Compute Performance And Striking A Balance
As I was testing Nvidia’s GeForce GTX Titan, but before the company was able to talk in depth about the card’s features, I noticed that double-precision performance was dismally low in diagnostic tools like SiSoftware Sandra. Although it should have been 1/3 the FP32 rate, my results looked more like the 1/24 expected from GeForce GTX 680.
It turns out that, in order to maximize the card’s clock rate and minimize its thermal output, Nvidia purposely forces GK110’s FP64 units to run at 1/8 of the chip’s clock rate by default. Multiply that by the 1:3 ratio of double- to single-precision CUDA cores, and the numbers I saw initially turn out to be correct.
But Nvidia claims this card is the real deal, capable of 4.5 TFLOPS single- and 1.5 TFLOPS double-precision throughput. So, what gives?
It’s improbable that Tesla customers are going to cheap out on gaming cards that lack ECC memory protection, the bundled GPU management/monitoring software, support for GPUDirect, or support for Hyper-Q (Update, 3/5/2013: Nvidia just let us know that Titan supports Dynamic Parallelism and Hyper-Q for CUDA streams, and does not support ECC, the RDMA feature of GPU Direct, or Hyper-Q for MPI connections). However, developers can still get their hands on Titan cards to further promulgate GPU-accelerated apps (without spending close to eight grand on a Tesla K20X), so Nvidia does want to enable GK110’s full compute potential.

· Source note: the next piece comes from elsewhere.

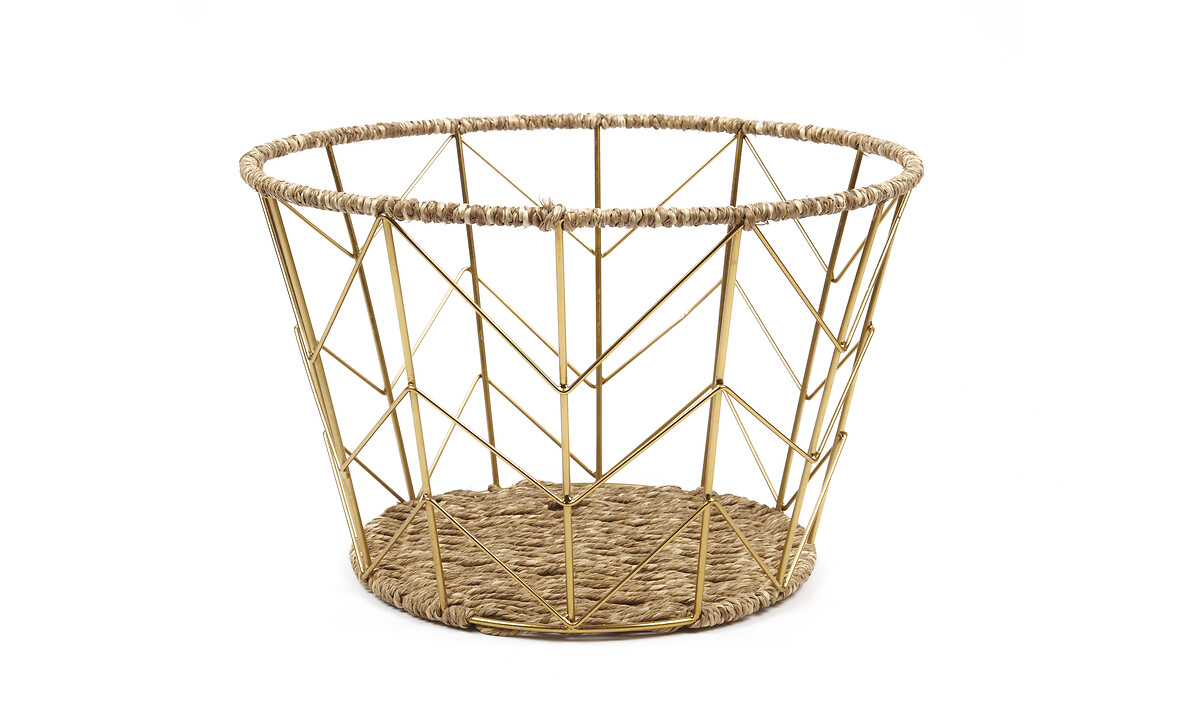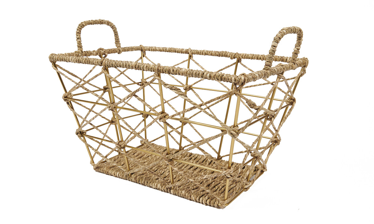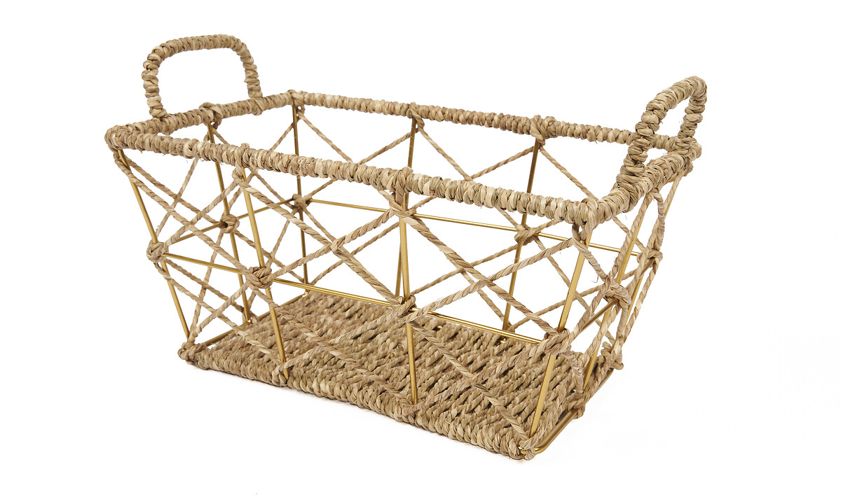 Mand met handvat ijzer &gras rechthoek open

Tapping in to the full-speed FP64 CUDA cores requires opening the driver control panel, clicking the Manage 3D Settings link, scrolling down to the CUDA – Double precision line item, and selecting your GeForce GTX Titan card. This effectively disables GPU Boost, so you’d only want to toggle it on if you specifically needed to spin up the FP64 cores.
We can confirm the option unlocks GK110’s compute potential, but we cannot yet share our benchmark results. So, you’ll need to look out for those in a couple of days.